1.2 ABOUT THE CICUIT:


The circuit is divided into two parts i.e. the transmitter and the receiver part

Transmitter point:
The tranmitter circuit is othing but a laser diode driven by a battery connected to the
diode through a series resistance R1. In order to ensure that the current through the diode
remains constant irrespective of drop in battery voltage, a 3-terminal voltage regulator VR-1 has
bee used. This regulator produces a constant 5V output as long as input remains equal to or more
than 7.5V thus ensuring a constant drive current for the laser diode. The drive current in this case
would be(3500/47) mA.
The laser diode here can be the one typically used in laser pointers emitting in red.

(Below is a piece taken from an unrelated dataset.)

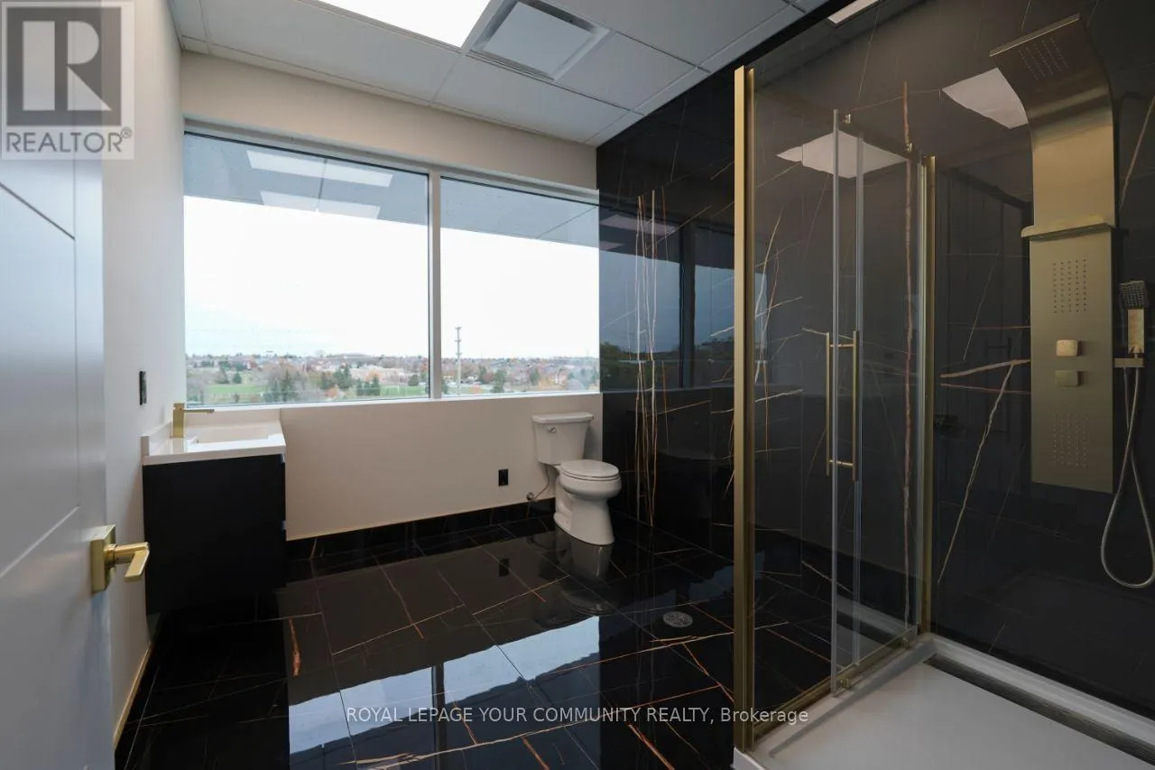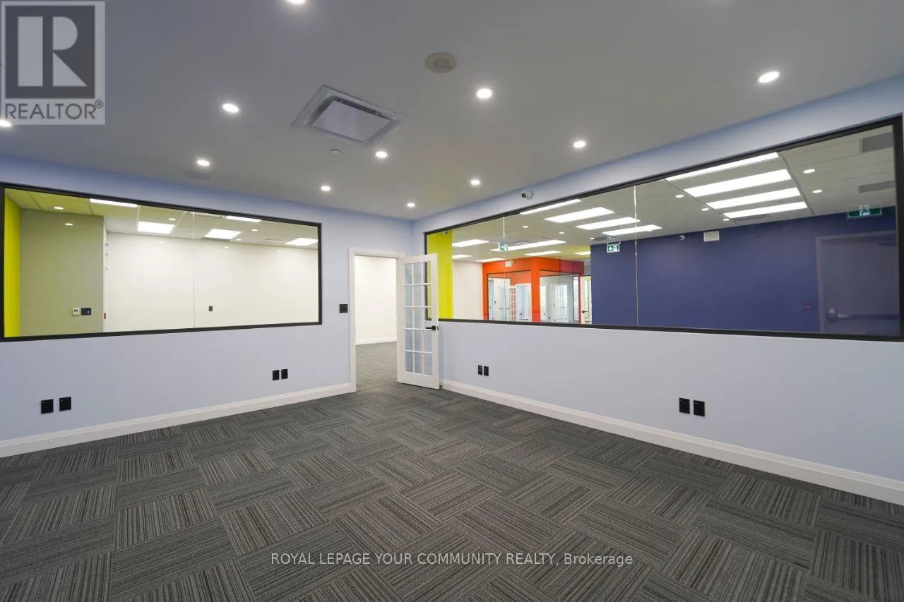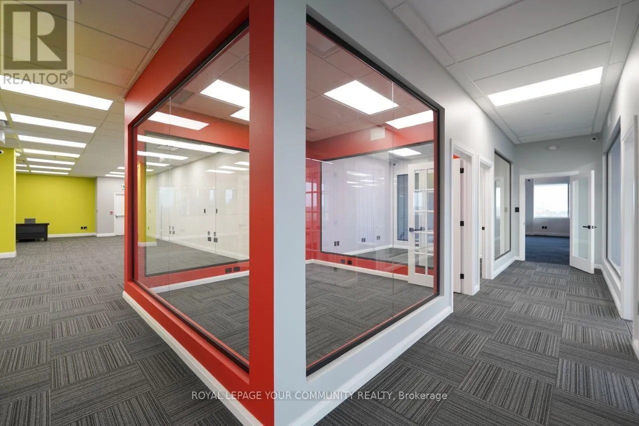 Cross Streets: Woodbine/16th. ** Directions: West side of Woodbine Ave (north of 16th Ave), Building Name: King Square. This property is approximately 3,900 square feet and was newly completed in January 2025, so it's essentially brand new. Originally delivered as a shell, it has been fully built out to a high standard.It features seven rooms, including a full kitchen and an additional kitchenette, as well as a spacious washroom that includes a shower. The flooring is high grade commercial carpet, and the ceilings are not your standard type-they're high-end with about a 12-foot height.The property also includes a storage area and has two separate entrance doors. There is a semi-private elevator, and as mentioned, there's also a kitchenette in addition to the main kitchen.The office is fully networked with Cat6 cabling throughout, providing network access everywhere, and it has a 200-amp power supply with a dedicated 600-volt line. Both 110-volt and 240-volt three-phase power options are available.It's equipped with a full fire suppression system and built-in ceiling speakers for a central music system. There are about 32 cameras installed for security, and the two separate entrances are fitted with Ring bells and dedicated security cameras.Finally, the property is currently combined into a single unit from three separate titles, making it a very versatile and ready-to-use office space. (id:27476)

This would be
more economical than buying one. If the experiment so desires, we can use the laser pointer itself
as a complete transmitter circuit. The pointer has in-built suitable series resistance and an
ON/OFF switch and a battery. The given circuit would help when we want to go a step further
and want to use infrared laser diode so as to get an invisible laser beam, which would be a
requirement in any intruder alarm system, I recommend the use of laser pointer for the purpose
of learning and demonstration.

Receiver part:
The receiver part basically comprises of a current to voltage converter section
configured around IC1(OP AMP 356) feeding a positive edge triggered monoshot configuration
buit around IC2(555 timer). The output of the monoshot feeds a buzzer that gives an audio beep
during the time it get a high input from the timer IC 555. The receiver section operates from +5V
DC generated from another 9V battery and 3 terminal regulator VR2. The battery can be
connected to the circuit through switch SW2
The current-to-voltage converter section converts the photocurrent produced by the photodiode
PD1 as a result of laser light falling on it into an equivalent vltage across resistor R2. This
voltage gets amplified bya factor of 23 in the non-inverting amplifier provided by an OP-AMP
and resistors R3,R4. So, when the laser light is falling on the photodiode, the opamp output is
same DC voltage, The component values have been so chosen as to produce about 5V DC for a
laser power of 0.5mW, typical of a laser pointer. Otherwise the amplifier gain can be adjusted to
produce 5VDC.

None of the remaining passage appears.